* _What you will do_
Of the records that follow, copy only the lines from the line containing "Además, se ha" to the line containing "古川紙工 - メール便発送", both included, exactly as written.

* _Raw data_
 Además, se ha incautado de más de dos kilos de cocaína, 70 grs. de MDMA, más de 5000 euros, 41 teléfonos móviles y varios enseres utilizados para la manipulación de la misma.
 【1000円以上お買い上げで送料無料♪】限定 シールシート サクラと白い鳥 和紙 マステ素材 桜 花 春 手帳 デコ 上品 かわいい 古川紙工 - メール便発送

==

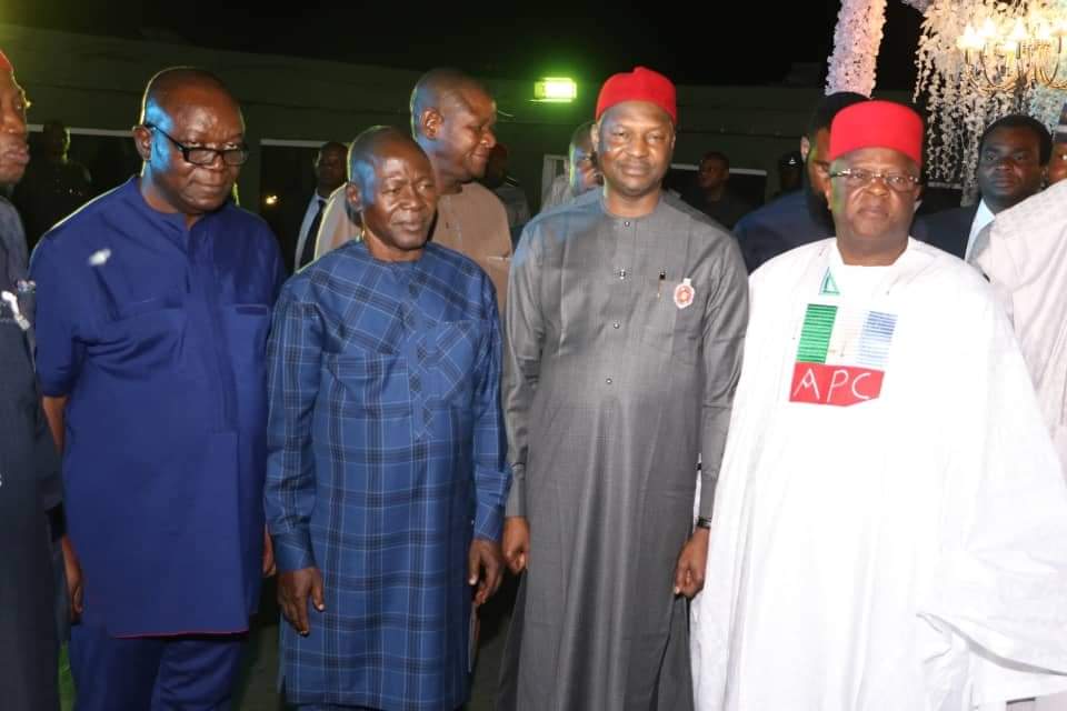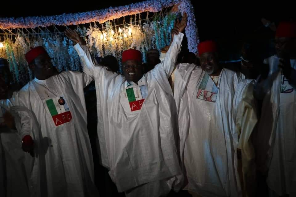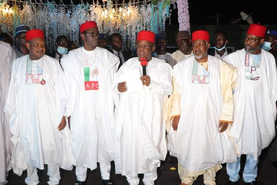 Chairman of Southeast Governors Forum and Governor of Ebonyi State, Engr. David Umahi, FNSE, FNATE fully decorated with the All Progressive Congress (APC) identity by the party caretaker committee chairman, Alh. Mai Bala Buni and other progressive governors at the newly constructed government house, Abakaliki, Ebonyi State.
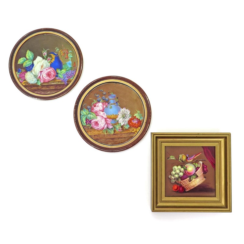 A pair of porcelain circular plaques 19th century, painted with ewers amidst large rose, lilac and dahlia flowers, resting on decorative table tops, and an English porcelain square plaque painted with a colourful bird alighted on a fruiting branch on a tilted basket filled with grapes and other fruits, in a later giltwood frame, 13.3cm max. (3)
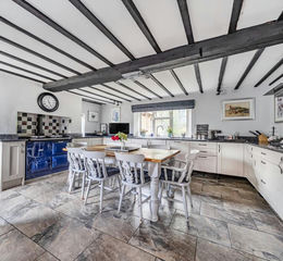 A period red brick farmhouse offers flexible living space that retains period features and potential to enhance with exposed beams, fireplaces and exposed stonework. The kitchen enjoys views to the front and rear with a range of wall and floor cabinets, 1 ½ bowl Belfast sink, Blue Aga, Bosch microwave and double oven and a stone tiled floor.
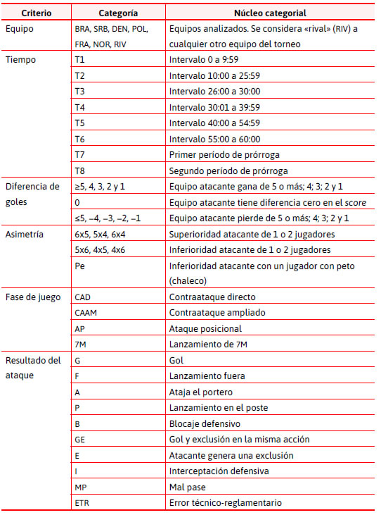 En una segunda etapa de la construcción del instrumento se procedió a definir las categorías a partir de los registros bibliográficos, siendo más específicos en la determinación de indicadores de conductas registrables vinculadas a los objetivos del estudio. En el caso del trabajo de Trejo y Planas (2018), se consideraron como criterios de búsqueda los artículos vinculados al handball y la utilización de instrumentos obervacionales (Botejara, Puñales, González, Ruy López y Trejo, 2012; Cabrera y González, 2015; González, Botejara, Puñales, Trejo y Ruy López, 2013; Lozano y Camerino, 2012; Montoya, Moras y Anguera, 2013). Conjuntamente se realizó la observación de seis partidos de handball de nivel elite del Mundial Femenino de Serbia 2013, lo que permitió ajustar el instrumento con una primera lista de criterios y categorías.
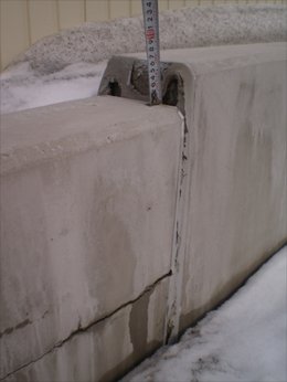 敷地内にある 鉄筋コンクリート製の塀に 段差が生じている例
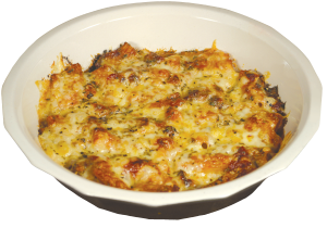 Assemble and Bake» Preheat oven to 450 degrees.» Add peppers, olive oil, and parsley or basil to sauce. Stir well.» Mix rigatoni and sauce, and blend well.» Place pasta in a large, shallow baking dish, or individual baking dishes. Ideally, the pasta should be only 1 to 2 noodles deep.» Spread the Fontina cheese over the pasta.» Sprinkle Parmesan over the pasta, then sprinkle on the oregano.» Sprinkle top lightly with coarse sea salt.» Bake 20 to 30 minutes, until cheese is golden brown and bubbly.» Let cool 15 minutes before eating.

* _Worked solution_
 Además, se ha incautado de más de dos kilos de cocaína, 70 grs. de MDMA, más de 5000 euros, 41 teléfonos móviles y varios enseres utilizados para la manipulación de la misma.
 【1000円以上お買い上げで送料無料♪】限定 シールシート サクラと白い鳥 和紙 マステ素材 桜 花 春 手帳 デコ 上品 かわいい 古川紙工 - メール便発送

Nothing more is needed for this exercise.